The “Best Painting Ever”

This is via BB and that makes it “old,” but I can’t take the chance that you may have missed it. Please enjoy, from the auction of Michael Jackson’s … stuff … this painting.

It is, really, some kind of achievement. It is the bad painting to end all bad paintings — and I want it. Thus it is one of the most American things I have ever seen. It is beyond description. It should be turned into a poster and given for free to every household. It speaks for itself.

More MJ acution items, many of which are almost this sublime, here.

Linkpile (via Delicious)

  • Jobless Tap Power of Merchandising: Someone selling ‘Laid Off Need A Job’ wristbands. Fascinating.
  • Autoworkers Compete to Keep Jobs, Livelihoods on New Reality Show: Onion video.
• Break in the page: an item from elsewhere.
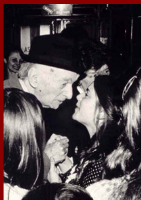
Con el compositor Frederic Mompou

Amazingly well-executed.
  • Bud Light Product Placement on Facebook: “The beer maker recently released a Bud Light page that features an application that lets users send digital gifts as a part of the company’s ‘Drinkability’ campaign.” Whenever a user sends a virtual Bud Light gift, it appears on the user’s Wall and will be seen by all the recipient’s friends.
  • Phantom portraits: Fascinating project “used digital photo manipulation to illustrate the phantom limbs of post-amputation patients.”
  • Claim: Affluent Consumers Regain A Bit Of Confidence: “Unity Marketing’s Luxury Consumption Index reports a modest uptick of 1.5 points in their latest survey of affluents (average income of $207,000). While luxury consumers are still cutting back on spending they do feel more optimistic about the future of both their personal finances and the country’s economic recovery. Many of the 1,034 people surveyed said they see a recovery coming within the next twelve months.”
  • How Susan Boyle Spread and What It Means: “While she originated on British broadcast television, her entry into the American market was shaped more by the conscious decisions of 87 plus million people who choose to pass her video along … than by any decision by network executives to put her on the airwaves in the first place.” Well, sort of. How many people actually had this video “passed along” to them, as opposed to heard about it from a media source — a category that I would say includes prominent/popular blogs — and then either Googled it up, or clicked through? I would guess a LOT of the views came from the latter scenario, especially as this became such a prominent media story. I certainly think that X million views does NOT equal X million people “choosing to pass [the video] along” to someone else. The distinction matters in this context because of the argument being made about spreadability.